Directions:
Please return the lines below verbatim, beginning at the one that has "首先王祥书记对照调研提纲逐一" and stopping after the one that has "当天天气阴冷,寒意沁人,但在", and add no other lines.

Top of Material provided

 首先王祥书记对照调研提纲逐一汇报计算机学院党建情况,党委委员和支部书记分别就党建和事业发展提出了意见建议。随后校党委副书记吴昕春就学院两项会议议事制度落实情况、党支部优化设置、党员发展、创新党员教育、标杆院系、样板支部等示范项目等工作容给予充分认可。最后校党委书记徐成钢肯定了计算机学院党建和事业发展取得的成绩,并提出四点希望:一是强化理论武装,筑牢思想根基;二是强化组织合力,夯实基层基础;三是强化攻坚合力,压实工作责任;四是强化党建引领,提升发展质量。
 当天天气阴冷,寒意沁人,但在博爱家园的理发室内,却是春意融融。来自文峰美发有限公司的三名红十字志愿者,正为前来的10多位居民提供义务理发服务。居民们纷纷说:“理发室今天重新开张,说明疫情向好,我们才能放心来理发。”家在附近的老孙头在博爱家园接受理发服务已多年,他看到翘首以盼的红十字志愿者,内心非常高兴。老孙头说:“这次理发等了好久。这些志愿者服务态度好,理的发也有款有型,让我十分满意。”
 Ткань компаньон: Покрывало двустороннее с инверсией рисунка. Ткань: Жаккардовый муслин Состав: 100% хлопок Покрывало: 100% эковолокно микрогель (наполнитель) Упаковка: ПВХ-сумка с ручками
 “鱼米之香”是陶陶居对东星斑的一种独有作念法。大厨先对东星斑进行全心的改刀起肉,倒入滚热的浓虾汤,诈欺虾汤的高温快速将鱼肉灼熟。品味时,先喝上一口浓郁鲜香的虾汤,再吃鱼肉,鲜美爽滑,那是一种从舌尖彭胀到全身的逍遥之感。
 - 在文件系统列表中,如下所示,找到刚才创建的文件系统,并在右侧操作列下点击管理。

Bottom of Material provided
Top of Material provided

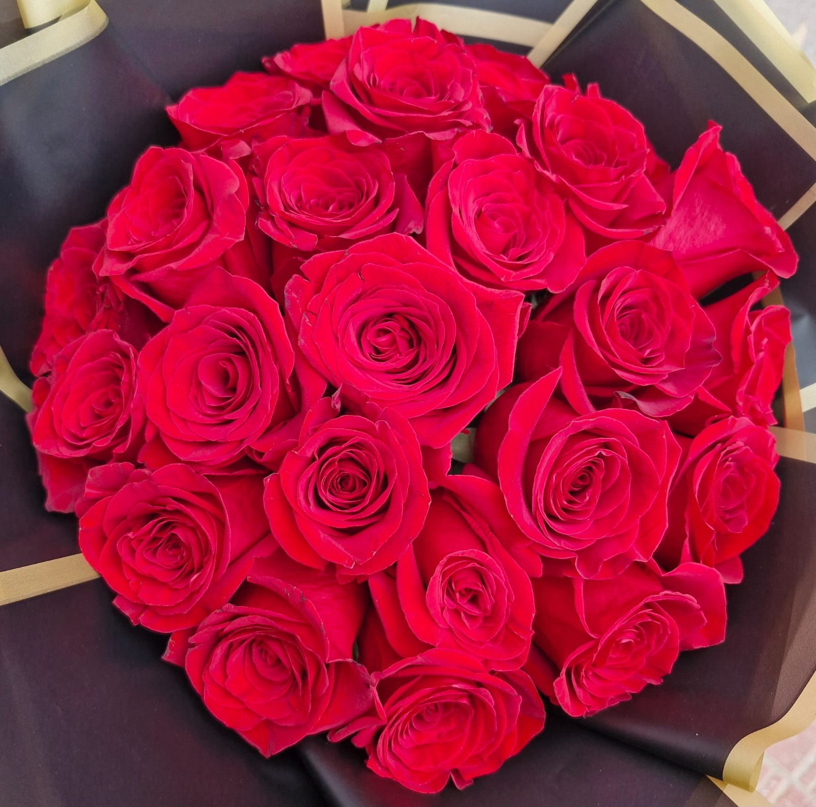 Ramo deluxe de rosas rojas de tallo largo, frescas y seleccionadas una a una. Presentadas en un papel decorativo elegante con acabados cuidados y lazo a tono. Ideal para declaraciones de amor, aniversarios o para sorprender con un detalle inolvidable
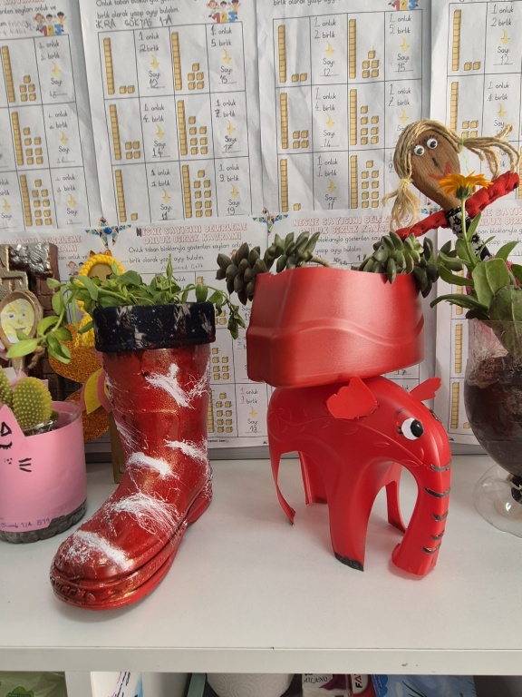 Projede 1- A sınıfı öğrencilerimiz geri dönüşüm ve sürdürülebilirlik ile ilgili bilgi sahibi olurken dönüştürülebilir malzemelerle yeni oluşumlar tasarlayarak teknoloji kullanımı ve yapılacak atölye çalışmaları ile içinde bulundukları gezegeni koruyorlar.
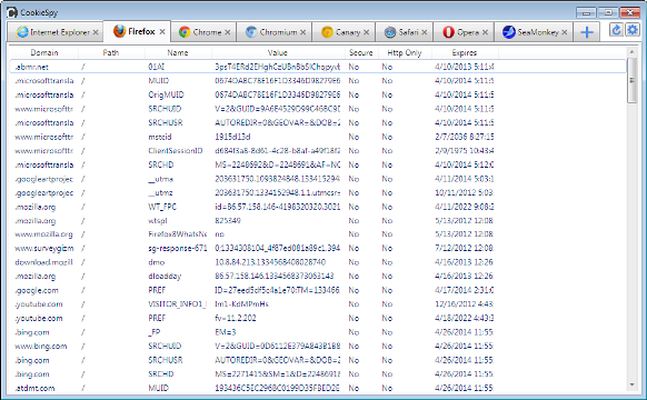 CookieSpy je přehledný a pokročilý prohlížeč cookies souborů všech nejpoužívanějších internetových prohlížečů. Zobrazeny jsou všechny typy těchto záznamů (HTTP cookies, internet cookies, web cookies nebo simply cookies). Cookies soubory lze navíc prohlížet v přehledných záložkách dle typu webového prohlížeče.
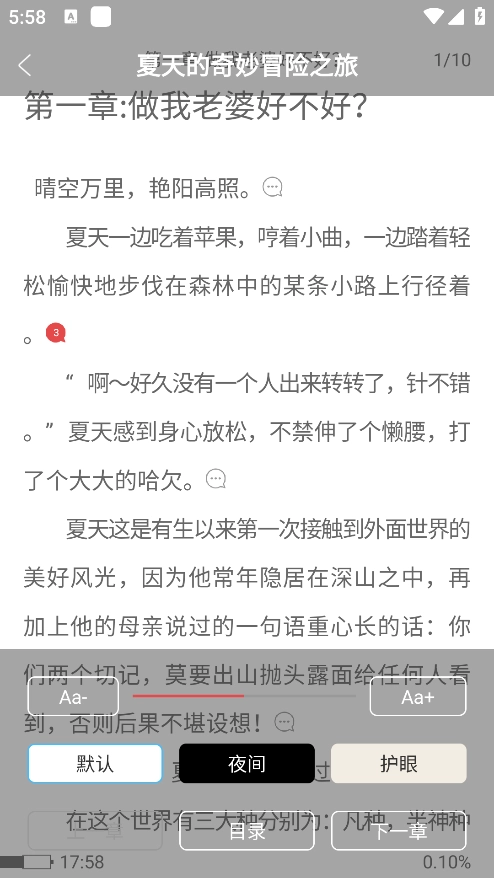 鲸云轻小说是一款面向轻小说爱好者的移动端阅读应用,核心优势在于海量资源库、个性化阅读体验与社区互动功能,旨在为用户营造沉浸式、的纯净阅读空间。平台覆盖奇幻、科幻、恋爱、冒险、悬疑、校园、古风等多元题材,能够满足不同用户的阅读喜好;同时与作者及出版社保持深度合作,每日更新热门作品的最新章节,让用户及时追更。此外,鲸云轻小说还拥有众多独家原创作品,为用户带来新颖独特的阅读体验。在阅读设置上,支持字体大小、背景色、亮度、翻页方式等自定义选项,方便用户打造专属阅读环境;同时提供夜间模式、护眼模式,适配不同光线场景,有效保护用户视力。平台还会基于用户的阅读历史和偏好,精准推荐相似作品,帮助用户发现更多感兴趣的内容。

Bottom of Material provided

Answer to this exercise:
 首先王祥书记对照调研提纲逐一汇报计算机学院党建情况,党委委员和支部书记分别就党建和事业发展提出了意见建议。随后校党委副书记吴昕春就学院两项会议议事制度落实情况、党支部优化设置、党员发展、创新党员教育、标杆院系、样板支部等示范项目等工作容给予充分认可。最后校党委书记徐成钢肯定了计算机学院党建和事业发展取得的成绩,并提出四点希望:一是强化理论武装,筑牢思想根基;二是强化组织合力,夯实基层基础;三是强化攻坚合力,压实工作责任;四是强化党建引领,提升发展质量。
 当天天气阴冷,寒意沁人,但在博爱家园的理发室内,却是春意融融。来自文峰美发有限公司的三名红十字志愿者,正为前来的10多位居民提供义务理发服务。居民们纷纷说:“理发室今天重新开张,说明疫情向好,我们才能放心来理发。”家在附近的老孙头在博爱家园接受理发服务已多年,他看到翘首以盼的红十字志愿者,内心非常高兴。老孙头说:“这次理发等了好久。这些志愿者服务态度好,理的发也有款有型,让我十分满意。”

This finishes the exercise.